Я обнял ее за талию. Теперь она тихонько всхлипывала.
– Подожди. Мне надо еще кое-что тебе сказать. И имей в виду: это не каприз, не минутное настроение. Я хочу, чтоб ты знала: я говорю от души. Я долго вынашивал это в себе.
– Не надо, Вэл. Пожалуйста, не надо. – Протянув руку она накрыла мне рот пальцами.
Я выждал несколько мгновений, потом мягко разомкнул их.
– Дай мне сказать, – попросил я. – Я не сделаю тебе больно. Разве смог бы я причинить тебе боль сейчас?
– Но я знаю, что ты хочешь сказать. И я… я не сто́ю этого.
– Ерунда! Ну послушай… Помнишь тот день, когда мы поженились… там, в Хобокене? Помнишь эту мерзкую церемонию? Я ее никогда не забуду. Да, так вот о чем я подумал… Что, если мне перейти в иудаизм?.. Не смейся, я серьезно. И что, собственно, в этом странного? Переходят же люди в католичество или магометанство. Ну а я перейду в иудаизм. И по самой веской причине на свете.
– По какой же? – В полном недоумении она подняла на меня взгляд.
– Потому что ты еврейка, а я люблю тебя – разве этого мало? Я люблю в тебе все… так почему бы мне не полюбить твою религию, твой народ, твои обычаи и традиции? Ты ведь знаешь, я не христианин. Я так, неизвестно что. Даже не гой. Слушай, давай пойдем к раввину и попросим, чтобы нас сочетали браком по всей форме?
Она внезапно разразилась смехом, да так, что едва устояла на ногах. Порядком обескураженный, я съязвил:
– Ну да, для этой роли я недостаточно хорош, не так ли?
– Да перестань! – перебила она. – Ты дурак, ты шут, и я – я люблю тебя. Я не хочу, чтобы ты делался евреем… да из тебя еврея и не получится. В тебе слишком… слишком много всего намешано. И кто бы что ни говорил, мой дорогой Вэл, знай: у меня тоже нет ни малейшего желания быть еврейкой. И слышать об этом не хочу. Прошу тебя, не надо больше об этом. Я не еврейка. Я не шикса. Я просто женщина – и ко всем чертям раввина! Ну хватит, пошли домой…
Мы возвращались в гробовом молчании – молчании не враждебном, но горестном.

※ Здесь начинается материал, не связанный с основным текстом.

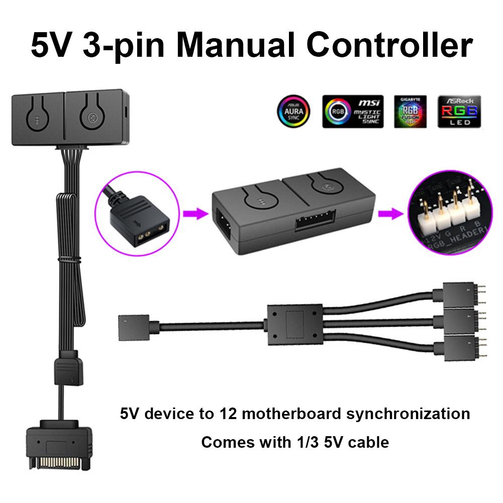 5V/3-pins ADD-RGB til 12V/4-pins Adapter Synkronisering med Hovedkort 5V ARGB til 12V RGB Konverter 50 Fargemoduser for PC-kabinettviftelys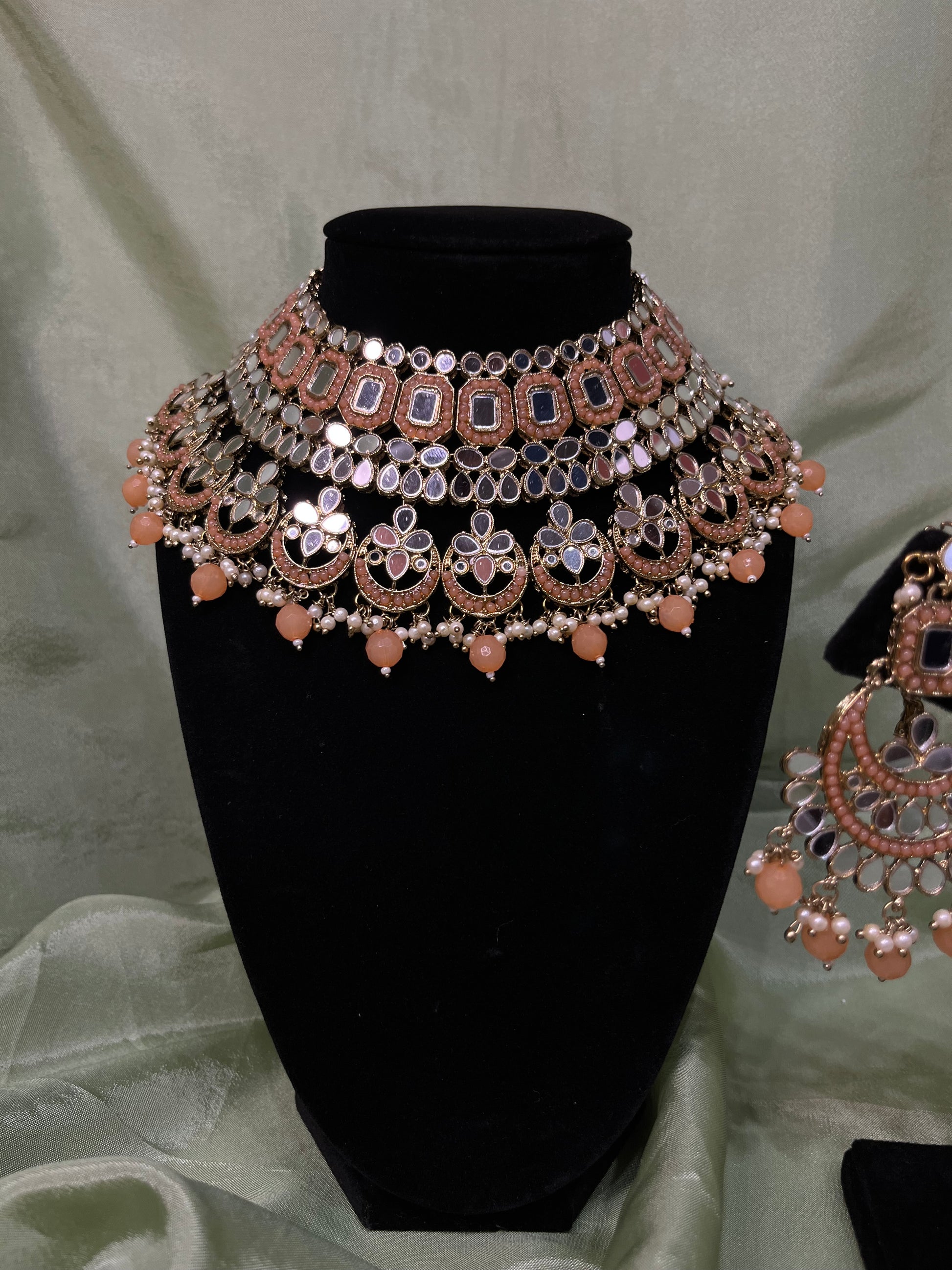 Heavy peach bridal mirror work set; comes with Sahara earrings and tikka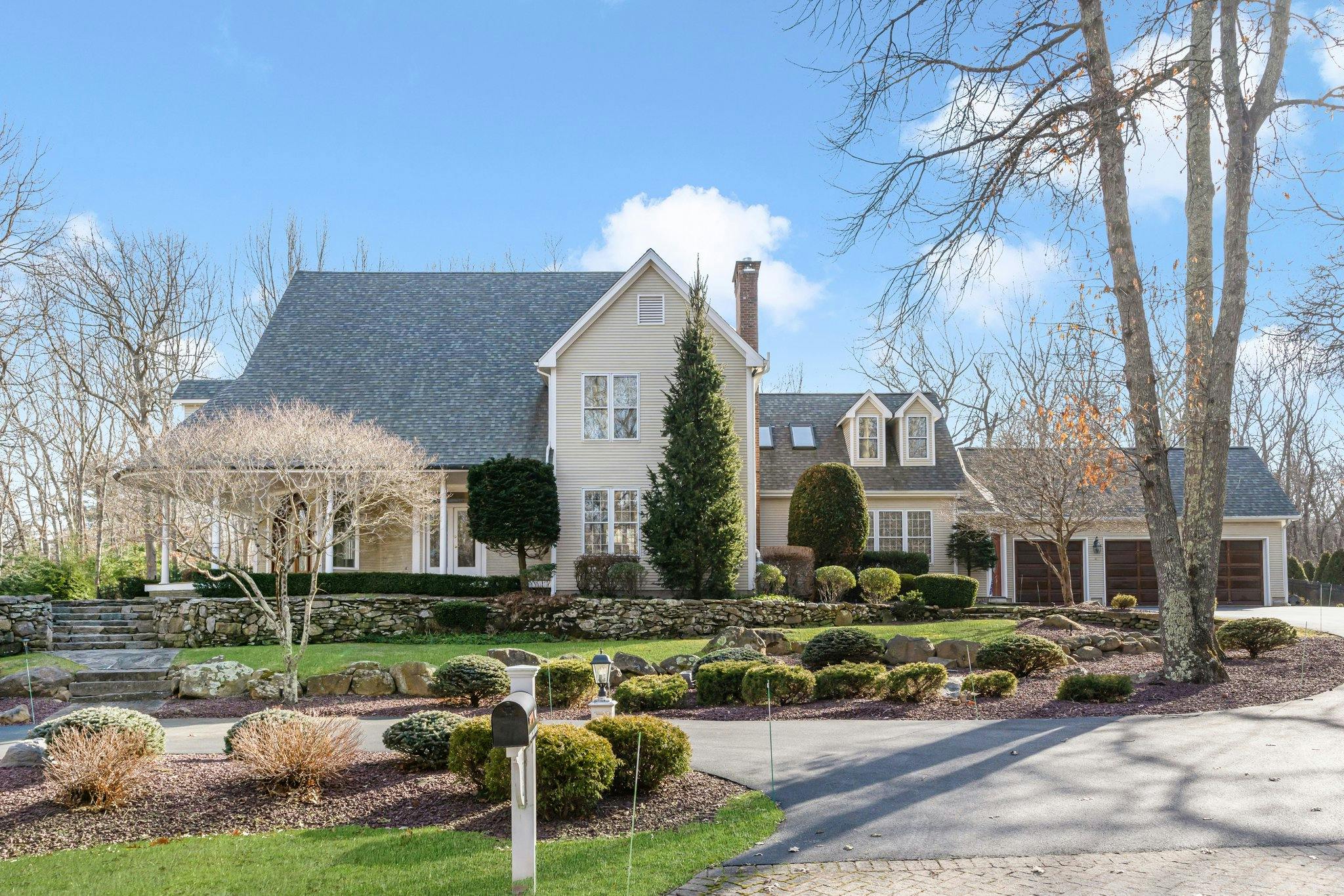 Welcome to 2 Tipping Rock Drive, an impeccably maintained East Greenwich residence situated on over three acres. This property features a Pebble Tec heated gunite pool, a new six-year roof with a 50-year warranty, an updated Navien gas heating system, and Central A/C. Architectural finesse graces every corner, with French doors opening to the mahogany wrap-around porch, a formal dining room leading to a stone patio, and a sunlit kitchen with granite, a Sub Zero fridge, and a breakfast area overlooking lush landscapes. The family room boasts birchwood paneling, built-ins, and a gas fireplace, while the living room includes a wet bar perfect for entertaining. The primary suite offers cathedral ceilings, a gas fireplace, a renovated bath, ample closet space with built-ins and a home office. Two bedrooms and another full bath complete the second floor. The lower level features a rec room, a family room with a wet bar, a bedroom, a full bathroom, a cedar closet, and a gym with walkout access to the lower-level patio. Ample storage, a mudroom, and a three-car garage add convenience. With a new driveway, new well pump, irrigation system and whole house generator, this property epitomizes luxury living, minutes from East Greenwich amenities.

Широкая ухоженная улица, на которую мы вышли, предстала более чопорной и респектабельной, чем когда бы то ни было; на такой строгой, прямой, законченно буржуазной улице могли жить только протестанты. Массивные фасады из бурого камня, одни – с тяжелыми гранитными балюстрадами, другие – с бронзовыми перилами тонкой работы, придавали особнякам торжественно-неприступный вид.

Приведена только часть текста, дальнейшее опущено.